Abstract
BACKGROUND AND PURPOSE:
Findings of standard MR imaging examinations are usually normal in primary CD. These findings are now increasingly challenged by studies using advanced neuroimaging techniques detecting abnormalities in brain areas that may be functionally involved in the pathophysiology of CD. Our purpose was to evaluate GM volumes in patients with CD at baseline and 5 years later.
MATERIALS AND METHODS:
We enrolled 19 patients (F/M = 15:4, mean age = 53.2 + 11.2 years), 12 of whom were studied at baseline and again approximately 5 years later. Twenty-eight healthy volunteers acted as controls (F/M = 17:11, mean age = 47.5 + 15.6 years). The subjects were imaged with a 1.5T scanner by using a 3D T1-weighted sequence on 150 contiguous axial 1-mm-thick sections to apply VBM.
RESULTS:
At entry, VBM analysis disclosed significantly lower GM volumes in the left caudate head and putamen and in the premotor and primary sensorimotor cortices bilaterally in patients than in controls. No correlation was found between decreased GM volumes and patient age, severity of dystonia, or disease duration. At the 5-year follow-up, GM volumes in the left primary sensorimotor cortex in patients had decreased significantly from baseline.
CONCLUSIONS:
The findings obtained at entry and after a 5-year follow-up consistently showed decreased caudate, putamen, and sensorimotor cortex GM volumes in patients with CD, and they probably play a pathophysiologic role in CD.

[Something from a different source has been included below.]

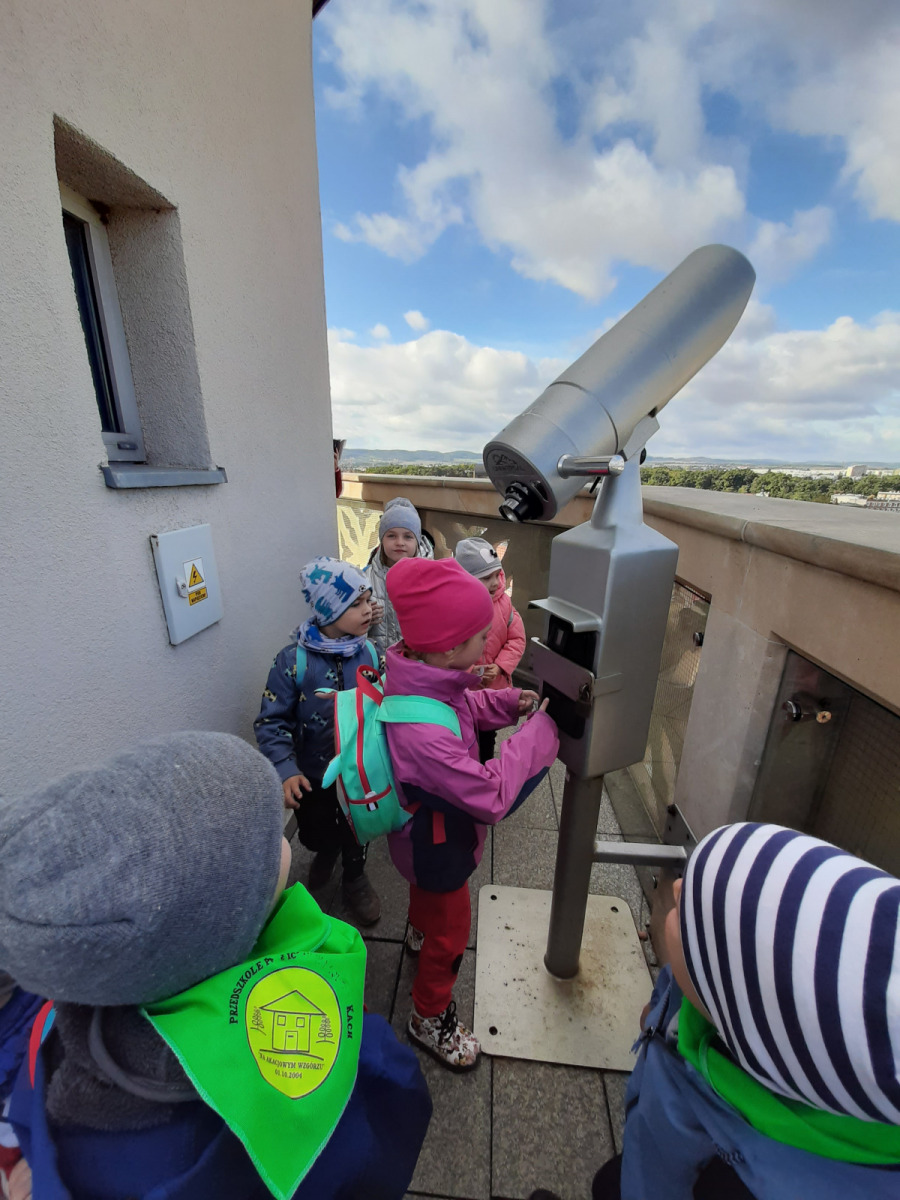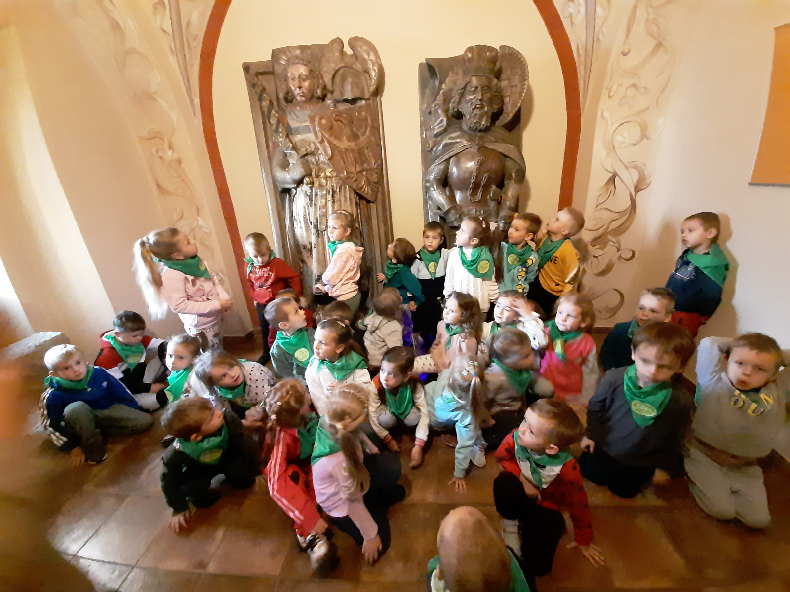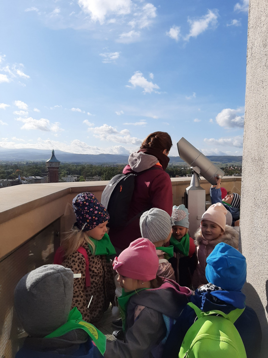historii w jaki sposób transportowano niegdyś towary oraz jak wyglądała dawna Świdnica. Kolejnym celem naszej podróży była wieża ratuszowa. Przedszkolaki wyjechały ma sam jej szczyt aby stamtąd podziwiać piękne widoki. Następnie przechodząc przez rynek masz wzrok przykuły piękne fontanny oraz Kolumna Św.Trójcy. Końcowym przystankiem naszej wycieczki był przepiękny Kościół Pokoju. Dzieci w ciszy i skupieniu zaglądnęły do środka. Przez krótką chwilę mogliśmy posłuchać wspaniałej muzyki organowej. Mamy nadzieję, że kolejna przygoda będzie równie ciekawa.

CD, one of the most common focal dystonias, is characterized by abnormal movements or postures of the neck and head.1 Although CD may be secondary to lesions in the basal ganglia or in other central nervous system structures,2 standard MR imaging generally detects no brain lesions in primary CD. These findings are now increasingly challenged by studies using advanced neuroimaging techniques detecting abnormalities in brain areas that may be functionally involved in the pathophysiology of dystonia.3,4
Cross-sectional studies using MR imaging–VBM, a technique that can evaluate intergroup and intragroup voxel-wise differences in GM volumes, have detected ultrastructural brain changes in apparently normal brain tissue in patients with CD.5–7 In these patients, regional GM abnormalities have been described in both subcortical and cortical structures, though controversial findings have been reported by the various authors. Whereas some found GM volume focally increased in the motor cortex, cerebellum, and GPi but decreased in the caudal SMA, dorsolateral frontal cortex, and visual cortex in patients with CD,5 others reported increased GM volumes in the thalamus, caudate head, superior temporal lobe, and left cerebellum.6 Yet others described an increased GM volume (though not statistically significant) in the GPi and SMA.7 These inconsistent results, the small numbers of patients with CD studied, and the lack of longitudinal VBM studies leave the topographic distribution of brain abnormalities in CD unclear. Additional information would help to understand the causes of CD.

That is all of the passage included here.